If Deutsche Bank would refuse to take multimillion-dollar payments from foreign governments to compensate for its insolvency-inducing errors – or restructure its business practices so it would not have to rely on bailouts if its leaders miscalculate – it would produce seven times as much revenue as its proposed “privilege” tax. Moreover, it would strike at the greatest form of privilege: the power to fail in your line of work, defraud your investors, inflict international devastation on the economy, and offload the cost of your poor choices onto the suffering populace your practices helped impoverish.
This proposal would solve one of the chief problems contemplated by its own report, which opens by proposing yet another set of government transfer payments and economic interventions to “save capitalism” from “populist” backlash fueled by “the anger of the youth.” Socialism enjoys its greatest popularity among those raised in the shadow of the subprime mortgage crisis, when government incentives, immoral business practices, and inept economic policies triggered the greatest wealth contraction in decades. Young people, who overheard their parents struggling to pay their bills while the firms that fomented the recession received rich government subsidies, understandably joined Occupy Wall Street protesters in asking, “Where’s my bailout?”

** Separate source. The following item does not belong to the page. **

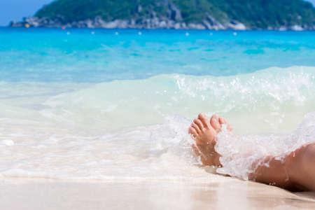 Bare Legs on the beach against the sea on vacation.

Deutsche Bank could remove this cause of offense by forswearing all further government bailouts. We await their response. In the meantime, people of faith should recognize that, arguably, the mere existence of government bailouts causes taxpayers to share in the sins of others by consent or provocation. They represent another way in which big government is a near occasion of sin.
Deutsche Bank would go further toward accomplishing it purported objectives by keeping its grasping hand out of the public till, rather than brainstorming inventive-but-comparatively-paltry ways to get more people to join them. An ounce of prevention is worth a pound of cure. Or as DB might put it, “Those who are lucky enough to be in a position to ‘disconnect’ themselves from the economic consequences of their own decisions owe it to us.”